→ Dataset content:
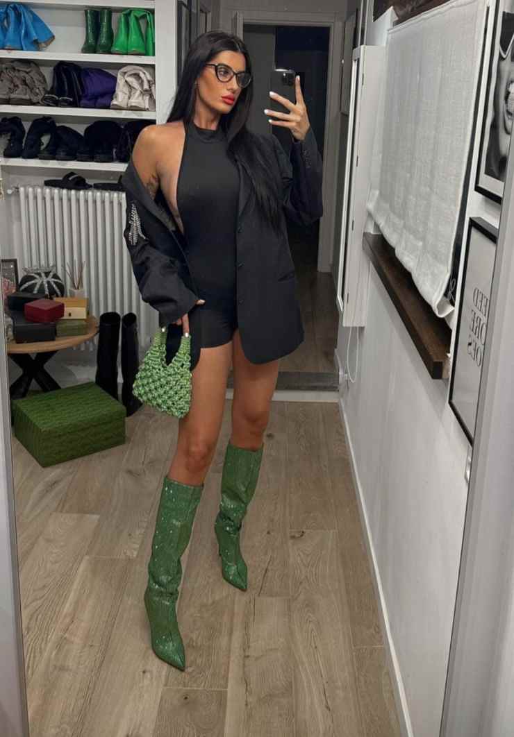 Completano il suo look mozzafiato degli stivali di colore verde, che slanciano ancor di più la sua perfetta silhouette, e degli occhiali che le danno un’aria molto sofisticata. E, probabilmente, ancor più sensuale del solito. Un outfit perfetto in tutto e per tutto, dunque, ma illegale. Illegale come le sue curve.
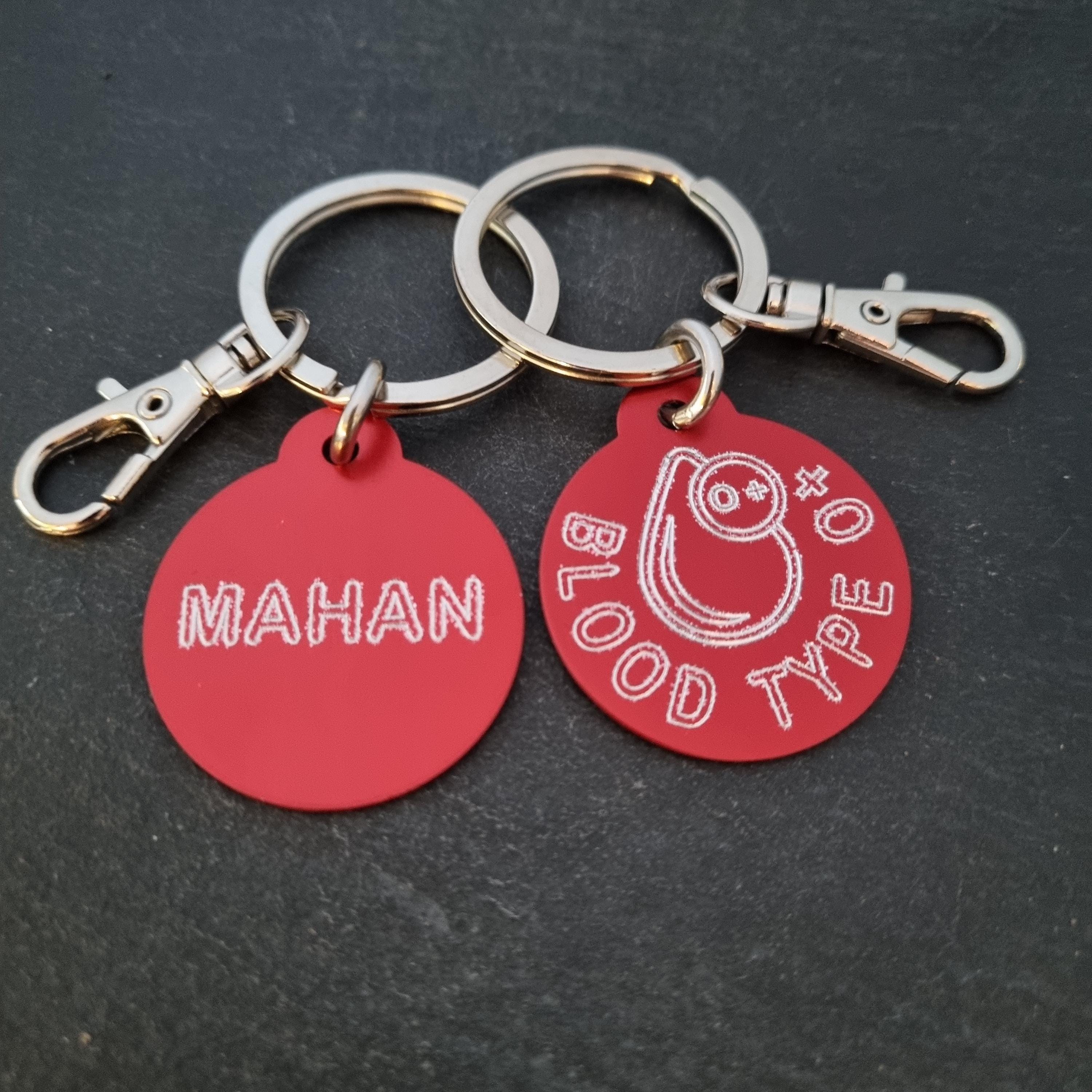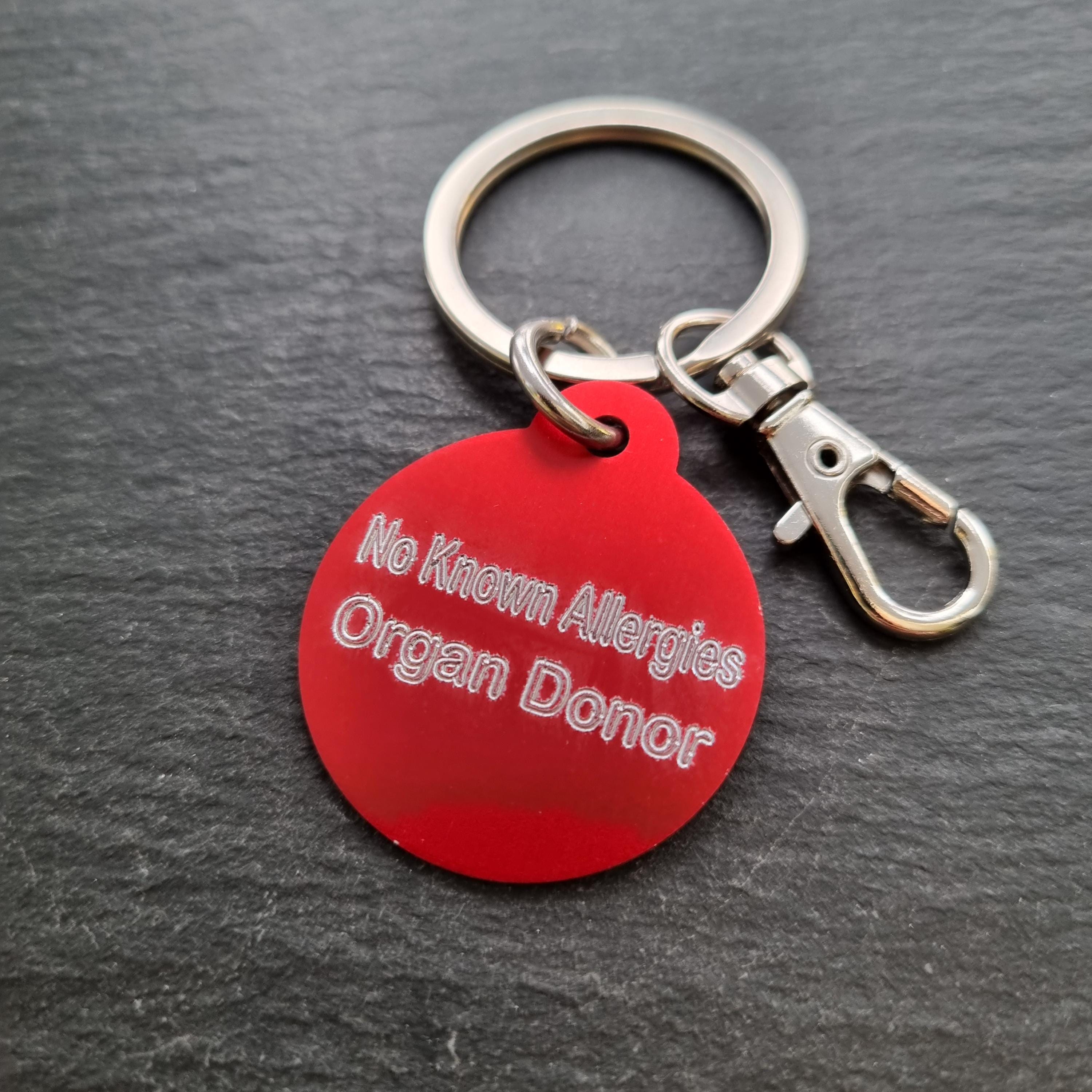 Personalized Key Ring Blood Group Type , Medical id Emergency Keychain Safety Information Diabetic / Allergy / Alzheimer, Blood Thinner, Organ Donor
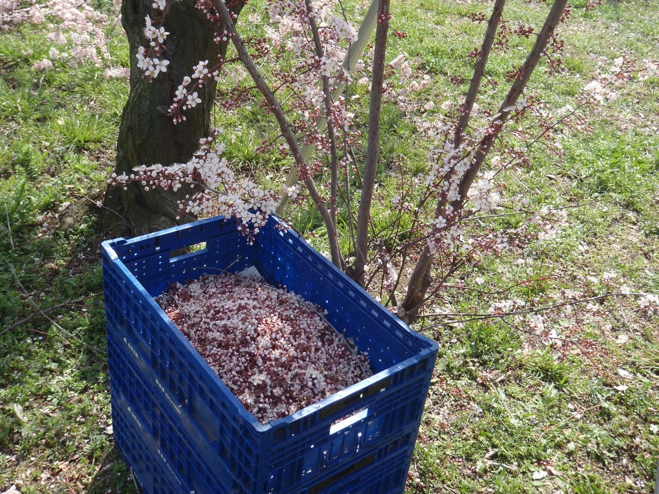 開花したてのすももの花なら、黄色いつぶつぶが残っています。

→ Required action:
Omit every picture, then reproduce the rest of the listing exactly.

→ Answer to the exercise:
 Completano il suo look mozzafiato degli stivali di colore verde, che slanciano ancor di più la sua perfetta silhouette, e degli occhiali che le danno un’aria molto sofisticata. E, probabilmente, ancor più sensuale del solito. Un outfit perfetto in tutto e per tutto, dunque, ma illegale. Illegale come le sue curve.
 Personalized Key Ring Blood Group Type , Medical id Emergency Keychain Safety Information Diabetic / Allergy / Alzheimer, Blood Thinner, Organ Donor
 開花したてのすももの花なら、黄色いつぶつぶが残っています。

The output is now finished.